Fourth Sunday of Lent
This weekend the Church celebrates “Laetare Sunday,” the name drawn from what is the first word in Latin of the Entrance Antiphon, “Rejoice!” Lent is well under way. Easter is not that far in the future.
The reason for rejoicing is not so trivial as to say that the drabness of winter and penance of Lent soon will end. Rather, it is a lesson about life. Indeed, the drabness of earthly life someday will end. The glory of heaven awaits, just as Easter awaits us now.
Once the Church required, and still allows, celebrants at Mass to wear vestments of a rose color. It is not pink but rose. Pink results from an infusion of white, rose from an infusion of gold. Rose, in today’s vestments, is Lenten violet brightened by the sunbeams of the approaching dawn. That dawn, of course, will be the brilliant flash of the Resurrection.
The Second Book of Chronicles supplies this weekend with its first reading. Once Chronicles was in a single volume. As time passed, and as editors and translators had their way, it was separated into two volumes. It has remained as two volumes, now appearing in all modern translations of the Bible.
It is part of the Bible’s historical set of volumes. While these volumes tell of the history of God’s people, their purpose is not to report history but to reveal developments in the people’s religious experience.
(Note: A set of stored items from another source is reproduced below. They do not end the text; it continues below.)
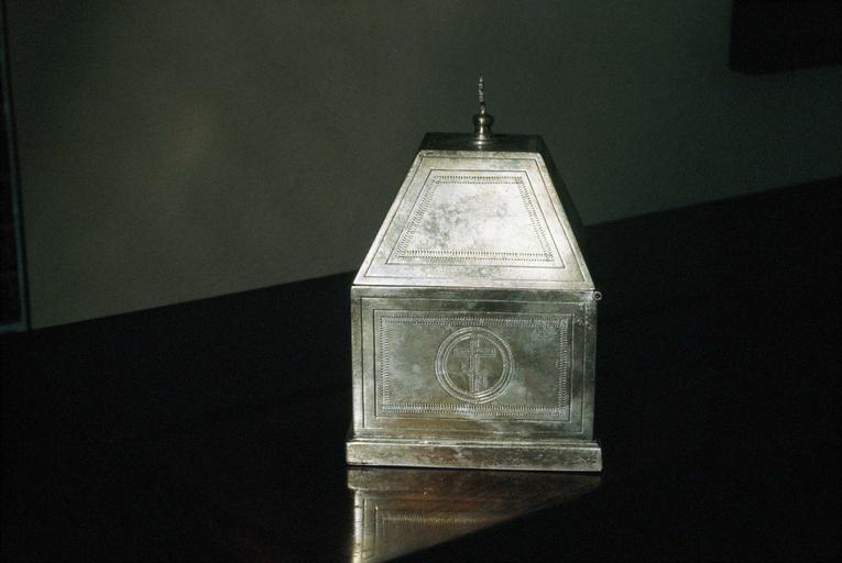 Argent, motifs ciselés. Tabernacle en argent en forme de sarcophage. Encensoir de voyage en argent.
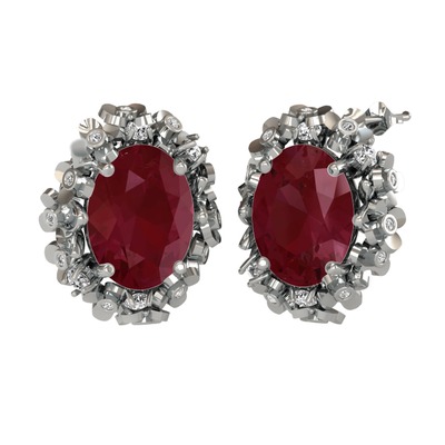 Kök yakut ve pırlanta 14 ayar beyaz altın küpe (0.36 karat)
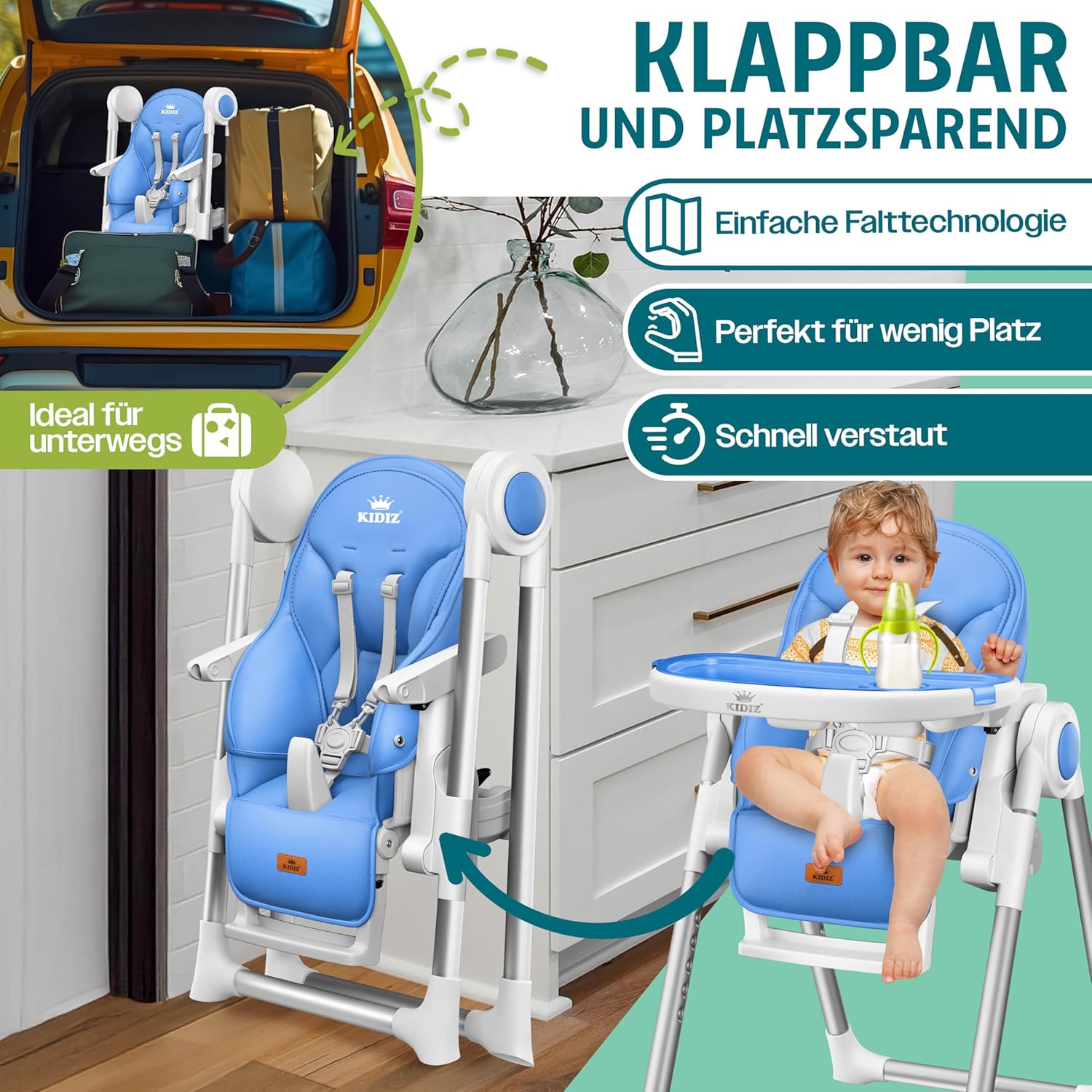 Comfortabel, veilig en flexibel: de 5-punts veiligheidsgordel beschermt je baby betrouwbaar. Dankzij het ruimtebesparende vouwmechanisme kan de kinderstoel snel worden opgeborgen of vervoerd – ideaal voor kleine woningen of onderweg.

This reading recalls the bitter events that led to the chosen people’s defeat by the Babylonians and the removal of many Hebrews — their numbers now unknown — to Babylon. In Babylon, they were not exactly enslaved, or hostages, in the sense that they were not held to prevent rebellion by their kin people back home. But they lived an unhappy life in a foreign and unwelcoming culture.
Using as an instrument Cyrus, the Persian king who overwhelmed Babylonia, God freed these people.
The Letter to the Ephesians is the source of the second reading. It is an eloquent proclamation of God’s mercy, declaring that, before Christ, humans were doomed to everlasting death. Then, by salvation in Christ, they are able to attain everlasting life.
St. John’s Gospel furnishes the last reading, recalling a moment in the Exodus, that long march by the Hebrews from Egypt, where they had been slaves, to the Promised Land. Wandering across the stark and unforgiving Sinai Peninsula, trials were many, hunger and thirst among them. They lost their way. Another trial was the presence of venomous snakes.
Again, God supplied relief. He told Moses, the leader, to lift a snake on a staff and to hold the staff high. God promised that all who looked upon the staff with the impaled snake would survive.
The implication of the Crucifixion is clear. The Gospel subtly reminds us that all who look upon the Cross of Jesus with faith will live.
The Gospel continues. It is a moving description of God’s mercy. Humans can find joy, and they can find eternal life, through Jesus.
The Church leads us onward through Lent, reassuring us that Easter is not far away. In fact, it will come in only a few more weeks.
It is not about counting days. Lent is a symbol of life. If we have renounced our lives, perfecting our renunciation in the prayer and penance of Lent, ewe can expect to see the clarifying light and warmth of the sunburst of Easter.
Hopefully, at Easter, we too shall rise from death and the coldness of life without the Lord.
Lent’s productivity and effectiveness depend upon us and our sincerity. The Church today urges us to continue to make Lent effective. The daybreak is near!